Stéphane has just posted a call for feedback on the Drupal 7 RDFa design, before the first official alpha release.

First reaction above all, is that this is great news! Very happy to see this work maturing.

I’ve tried to quickly suggest some tweaks to the vocab, by hacking his diagram in photoshop. All it really shows is that I’ve forgotten how to use photoshop, but I’ll upload it here anyway.

So if you click through to the full image, you can see my rough edits.

I’d suggest:

  1. Use (dcterms) dc:subject as the way of pointing from a document to it’s SKOS subject.
  2. Use (dcterms) dc:creator as the relationship between a document and the person that created it (note that in FOAF, we now declare foaf:maker to map as an equivalentProperty to (dcterms)dc:creator).
  3. Distinguish between the description of the person versus their account in the Drupal system; I would use foaf:Person for the human, and sioc:User (a kind of foaf:OnlineAccount) as the drupal account. The foaf property to link from the former to the latter is foaf:account (new name for foaf:holdsAccount).
  4. Focus on SIOC where it is most at-home: in modelling the structure of the discussion; threading, comments and dialog.
  5. Provide a generated URI for the person. I don’t 100% understand Stephane’s comment, “Hash URIs for identifying things different from the page describing them can be implemented quite easily but this case hasn’t emerged in core” but perhaps this will be difficult? I’d suggest using URIs ending “userpage#!person” so the fragment IDs can’t clash with HTML usage.

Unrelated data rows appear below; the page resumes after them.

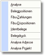 Über den Button <Auswertung> oder mit der Taste [RETURN] öffnet sich ein Popup-Menü mit folgenden Analysemöglichkeiten:
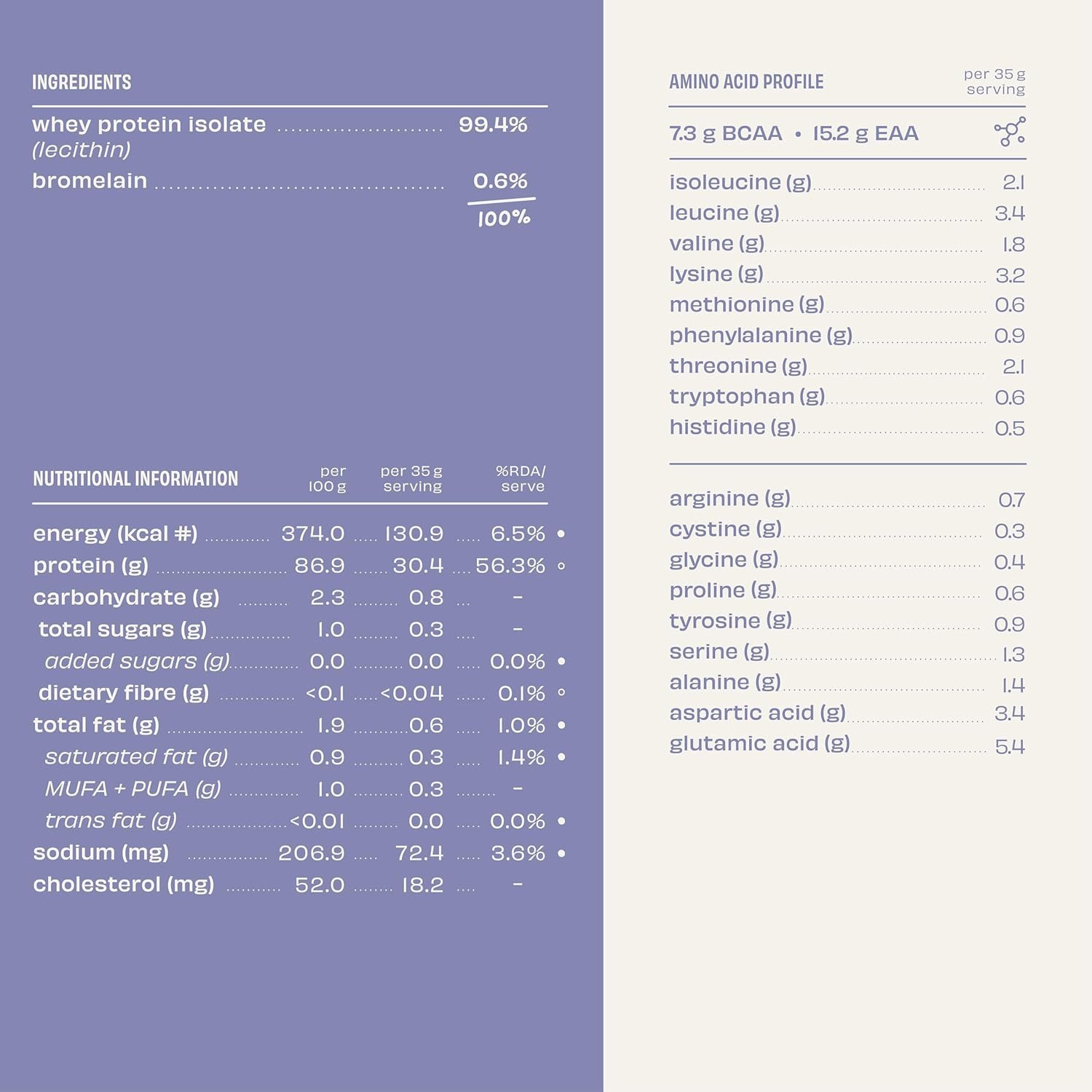 Made with: Whey isolate and bromelain. That’s all!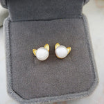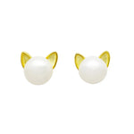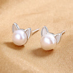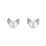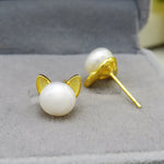 Fashionable Cat Ear Studs for Women Simple 925 Sterling Silver Creative Natural Freshwater Pearl Earrings Winter Jewelry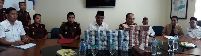 Uang itu diserahkan Kajari Bima Suprayoga,SH,M.Hum kepada Plt.Bupati Rohil Drs.H.Jamiluddin secara simbolis.Penyerahan berlangsung di kantor BRI Cabang Bagansiapiapi, Jalan Merdeka, Rabu (22/02/18).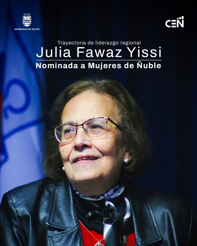 La nominación de Julia Fawaz Yissi a los premios anuales Mujeres de Ñuble @mujeresdenuble constituye un reconocimiento profundamente merecido a una trayectoria marcada por el compromiso, la sensibilidad social y la dedicación a los territorios y comunidades que dan identidad a nuestra región. Su labor, desarrollada en la Universidad del Bío-Bío, ha contribuido de manera decisiva a […]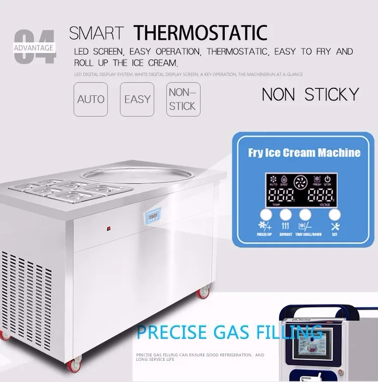 2.\tThis Thailand fry ice cream machine is thermostatic,easy to fry and roll up the ice cream.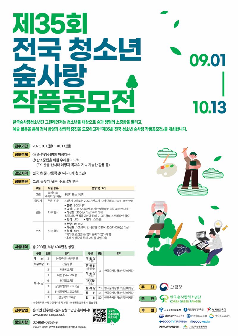 올해로 35회를 맞는 이번 공모전은 단순한 예술 활동을 넘어 기후 위기 시대를 살아가는 청소년들이 숲과 환경의 가치를 새롭게 인식하고, 이를 지켜나가는 주체로 성장하도록 돕기 위해 마련됐다.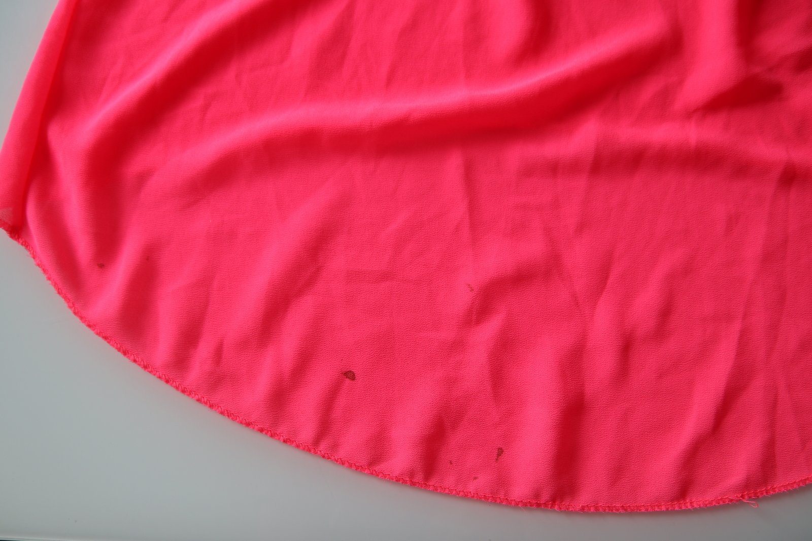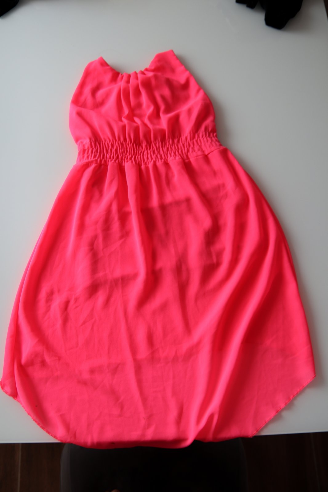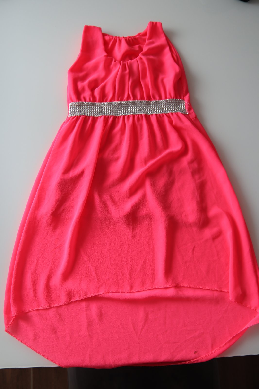 prodám dívčí šaty z lehkého materiálu s podšívkou. Nošené, vzadu dole nevypratelné flíčky viz foto. Délka od krku předního dílu je 54 cm, vzadu jsou šaty cca o 20 cm delší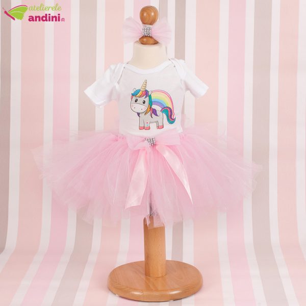 Micuța ta urmează să-și sărbătorească primul an din viață și vrei să fie în centrul atenției pe întreaga durată a evenimentului? Îți propunem să-i alegi o vestimentație mai aparte: un set compus din body personalizat și fustiță din tulle, realizată pe elastic și sistem fâșii. Personajul principal al acestei ținute este un simpatic unicorn, în spatele căruia răsare timid un frumos curcubeu.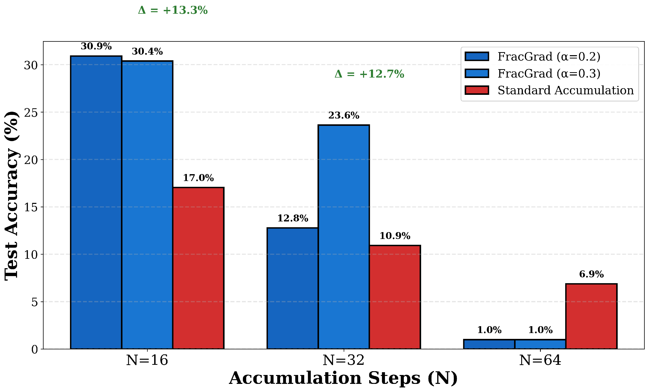 This study formulates Fractional Gradient Accumulation (FracGrad) by replacing the uniform averaging in (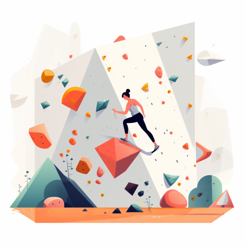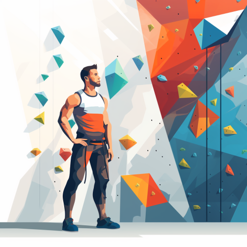 a man stand in front of climbing wall and thinking in a climbing gym, Flat 2D illustration, minimalistic, vector art, white background, white space –ar 3:4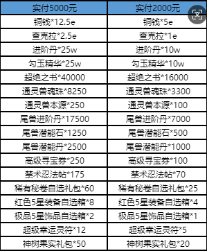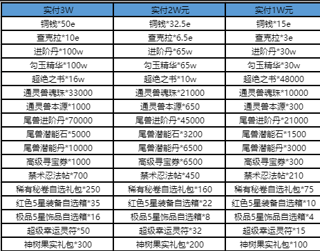 3、单日充值低于1W元,表格内16种道具可选择4种道具,单日充值高于1W元及以上,16种道具可选6种道具,单日充值高于2W元及以上,16种道具可选10种道具,且可重复选择同个道具3次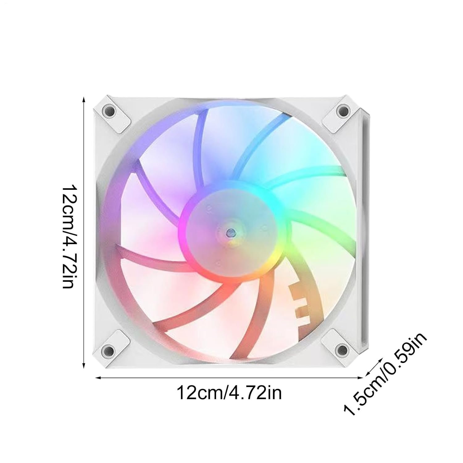 Especificaciones Nombre: Ventilador de enfriamiento del chasis Color: blanco, negro Estilo: luz de color negro en el marco Tamaño del producto: aproximadamente 12.0×12.0x1.5cm/4.72×4.72×0.59 pulgadas Velocidad: 800-1800 rpm
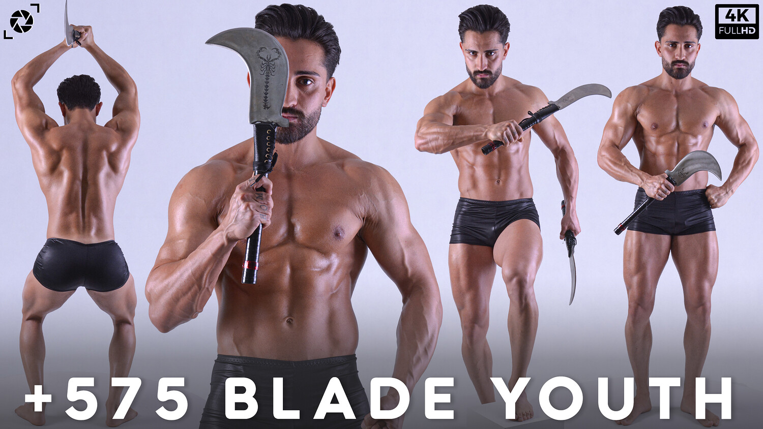 What if youthful strength met the edge of steel? Blade Youth is a high-energy reference pack that fuses athletic grace with raw blade-wielding poses — performed by our young, sculpted model with a powerful cut physique. This collection is packed with expressive stances, dramatic lighting, and warrior-like focus, ideal for character concept artists and figure study professionals.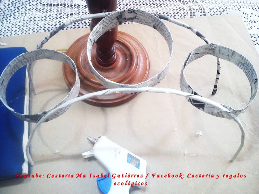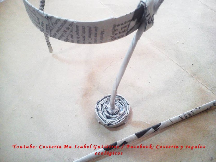 Las varillas de papel las hacemos con tiras de papel de diario de 10 cms., de ancho. Ponemos pegamento o cola blanca por una de las orillas y empezamos a enrollar con un palo de madera delgado por la otra orilla, acomodando este palo un poco inclinado...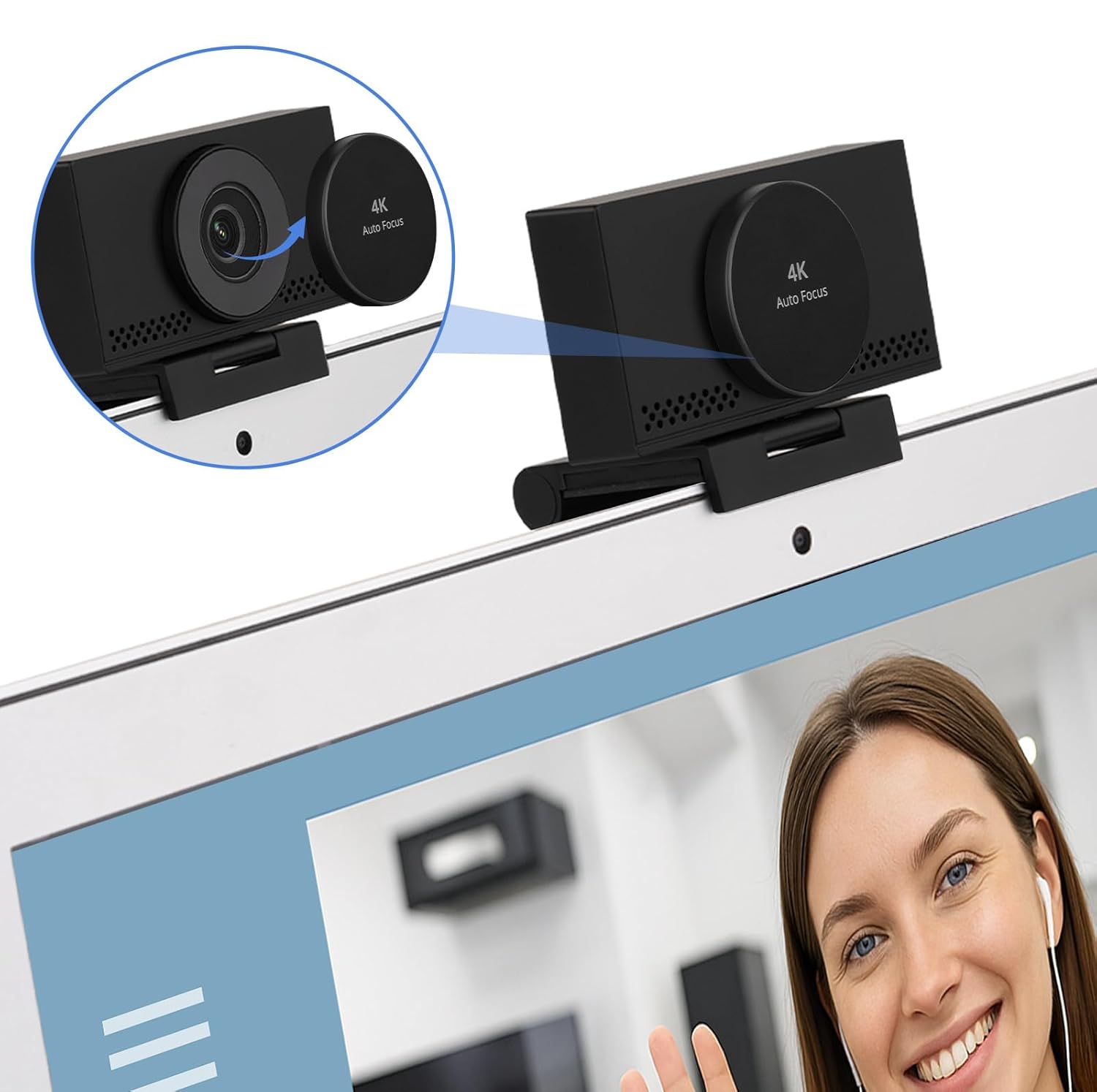MEGREZ 4K Webcam with Microphone & Privacy Cover, Webcam for PC, Adjustable FOV Computer Web Camera, Ultra HD USB Webcam for Streaming Video Call Conference and Online Lessons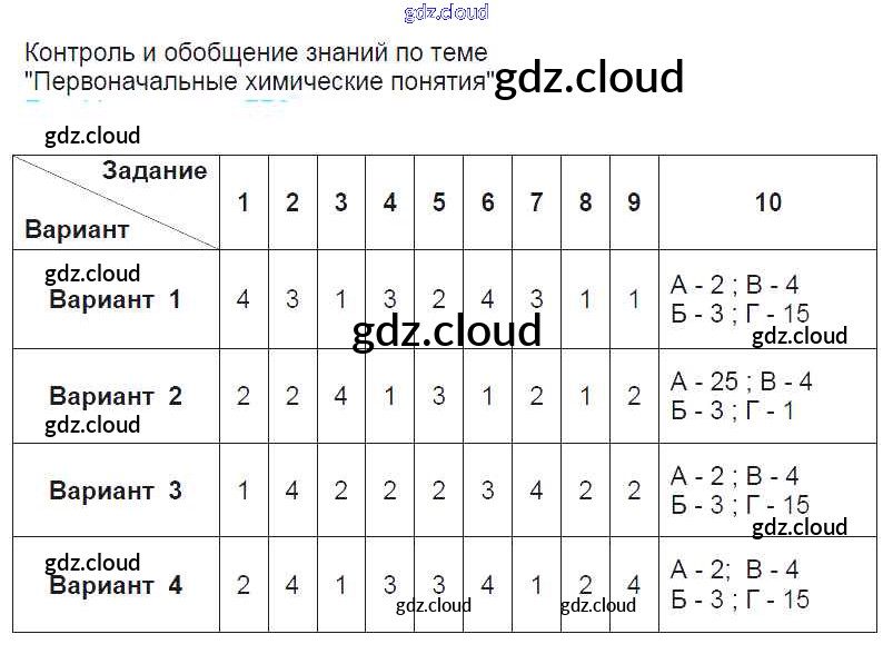 Ответы к контролю и обобщению по Химии 8 класс Тесты Боровских УМК Экзамен
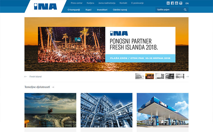 INA, d.d. je srednje velika europska naftna kompanija s vodećom ulogom u naftnom poslovanju u Hrvatskoj te značajnom ulogom u regiji. Nove u potpunosti redizajnirane stranice osim moderne responzivne prezentacije sadržavaju novu strukturu weba. Korporativni podaci o kompaniji, temeljne vrijednosti, pozicija u regiji i sve druge podatke, kao i servisne informacije o djelatnostima nalaze se na novim web stranicama. Osim tražilice benzinskih postaja pronađite i posebne ponude na postajama, ali i upute za korištenje INA mobilne aplikacije.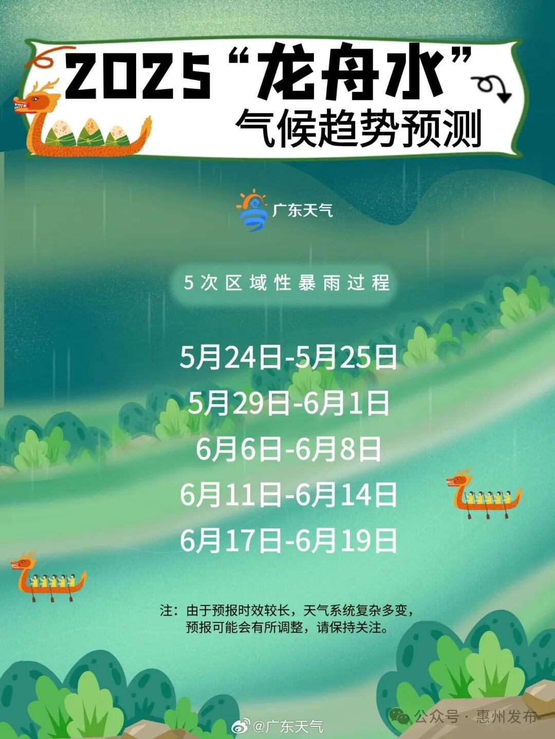 5次区域性暴雨过程为:5月24日至25日、5月29日至6月1日、6月6日至8日、6月11日至14日、6月17日至19日,降水集中期内发生暴雨洪涝灾害可能性较大。“龙舟水”期间受热带气旋影响的可能性较小,有2次高温过程(6月9日至10日、6月19日至20日)。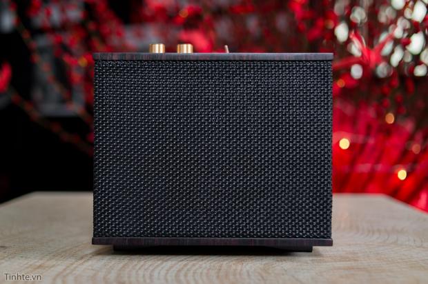 Tổng thể chúng ta có một chiếc loa khá vuông vức, sử dụng 2 vật liệu chính là gỗ và kim loại đồng màu vàng, cho cảm giác khá sang và cực kỳ “Vintage”.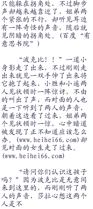 随后发现,梦幻也不在这里,只要梦幻跟他们两个在一起就没有问题,小智想了想也觉得只能先这个样子了,随后就和小刚小霞两人走进了巷子深处,而此时三人惦记的小遥和小胜两人情况又如何了呢?“姐姐现在怎么办?小智他们也不知道到哪里去了,这样下去很快就会被发现的!”

If the core release can provide this basic structure, including a hook for describing the human person rather than the site-specific account (ie. sioc:User) then extensions should be able to add their own richness. The current markup doesn’t quite work for that end, as the human user is only described indirectly (unless  I understand current reading of sioc:User).

Anyway, I’m nitpicking! This is really great, and a nice and well-deserved boost for the RDFa community.